- _YOUR INSTRUCTIONS_: Each line below is to be repeated exactly; any picture is to be left out.

- _DATASET EXTRACT_:
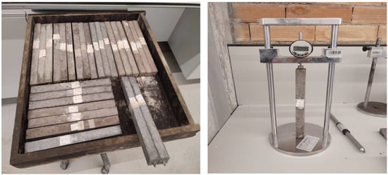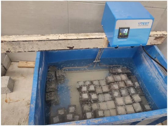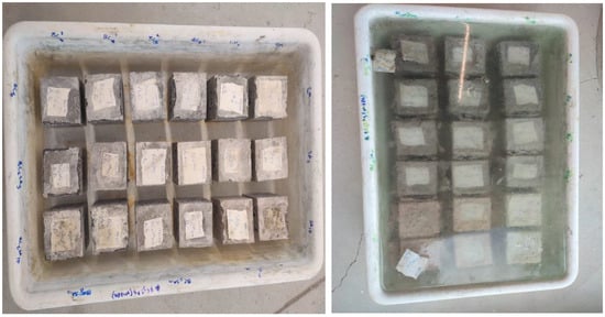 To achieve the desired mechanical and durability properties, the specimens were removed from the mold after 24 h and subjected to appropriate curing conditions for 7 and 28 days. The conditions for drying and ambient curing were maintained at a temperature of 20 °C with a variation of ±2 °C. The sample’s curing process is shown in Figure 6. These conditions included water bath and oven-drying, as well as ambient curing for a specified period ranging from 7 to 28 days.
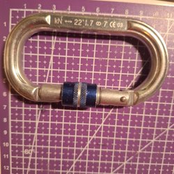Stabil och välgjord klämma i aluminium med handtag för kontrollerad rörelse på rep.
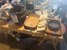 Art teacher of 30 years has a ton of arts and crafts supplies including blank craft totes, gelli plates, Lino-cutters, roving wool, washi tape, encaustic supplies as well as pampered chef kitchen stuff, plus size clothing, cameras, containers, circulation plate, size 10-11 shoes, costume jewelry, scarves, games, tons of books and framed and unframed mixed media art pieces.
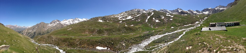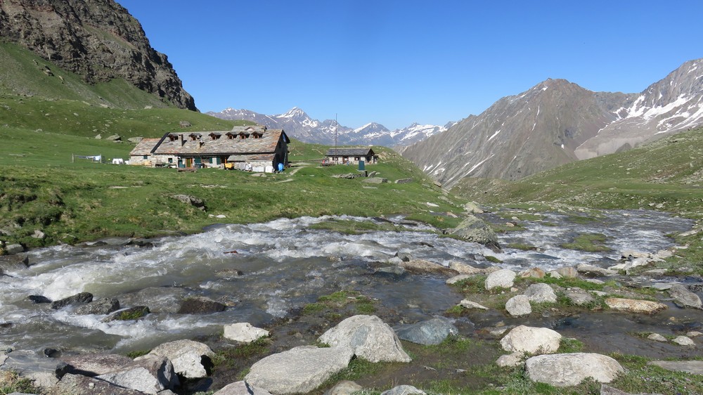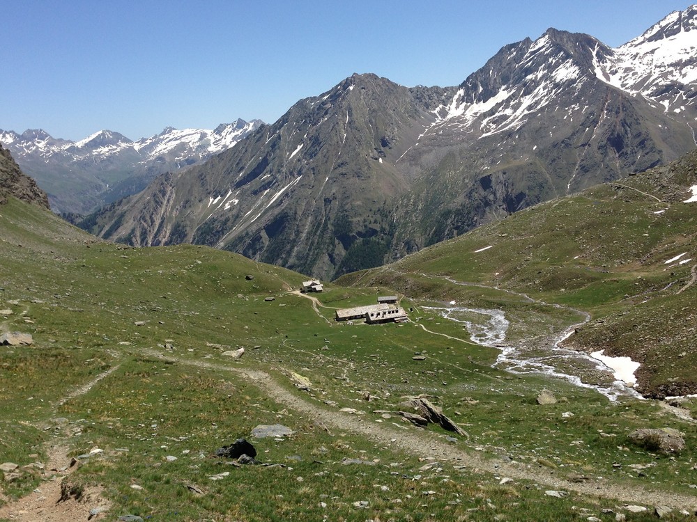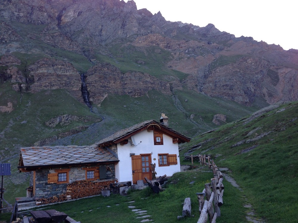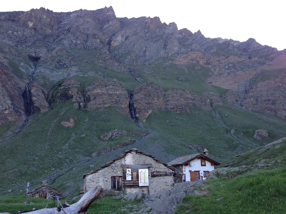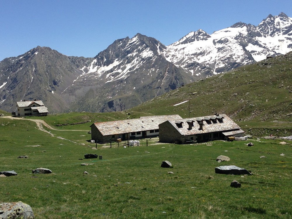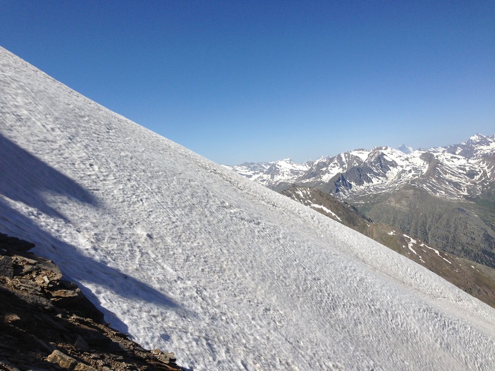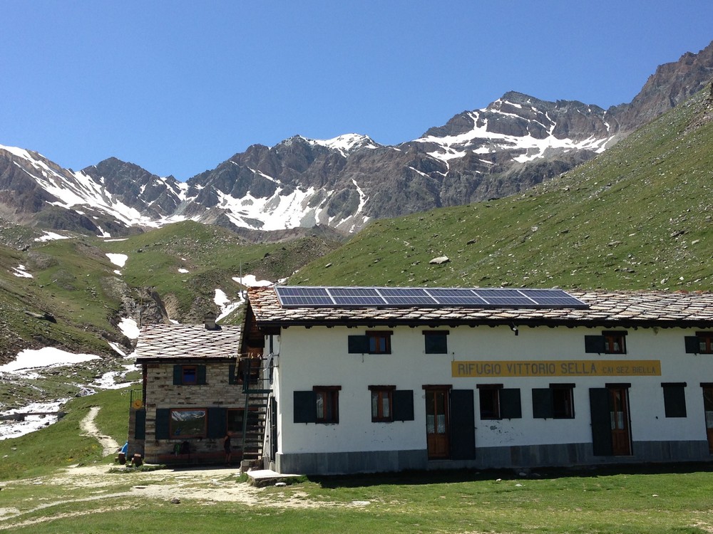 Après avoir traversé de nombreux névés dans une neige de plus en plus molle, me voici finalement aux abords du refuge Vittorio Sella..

- _SOLVED EXERCISE_:
 To achieve the desired mechanical and durability properties, the specimens were removed from the mold after 24 h and subjected to appropriate curing conditions for 7 and 28 days. The conditions for drying and ambient curing were maintained at a temperature of 20 °C with a variation of ±2 °C. The sample’s curing process is shown in Figure 6. These conditions included water bath and oven-drying, as well as ambient curing for a specified period ranging from 7 to 28 days.
Stabil och välgjord klämma i aluminium med handtag för kontrollerad rörelse på rep.
 Art teacher of 30 years has a ton of arts and crafts supplies including blank craft totes, gelli plates, Lino-cutters, roving wool, washi tape, encaustic supplies as well as pampered chef kitchen stuff, plus size clothing, cameras, containers, circulation plate, size 10-11 shoes, costume jewelry, scarves, games, tons of books and framed and unframed mixed media art pieces.
 Après avoir traversé de nombreux névés dans une neige de plus en plus molle, me voici finalement aux abords du refuge Vittorio Sella..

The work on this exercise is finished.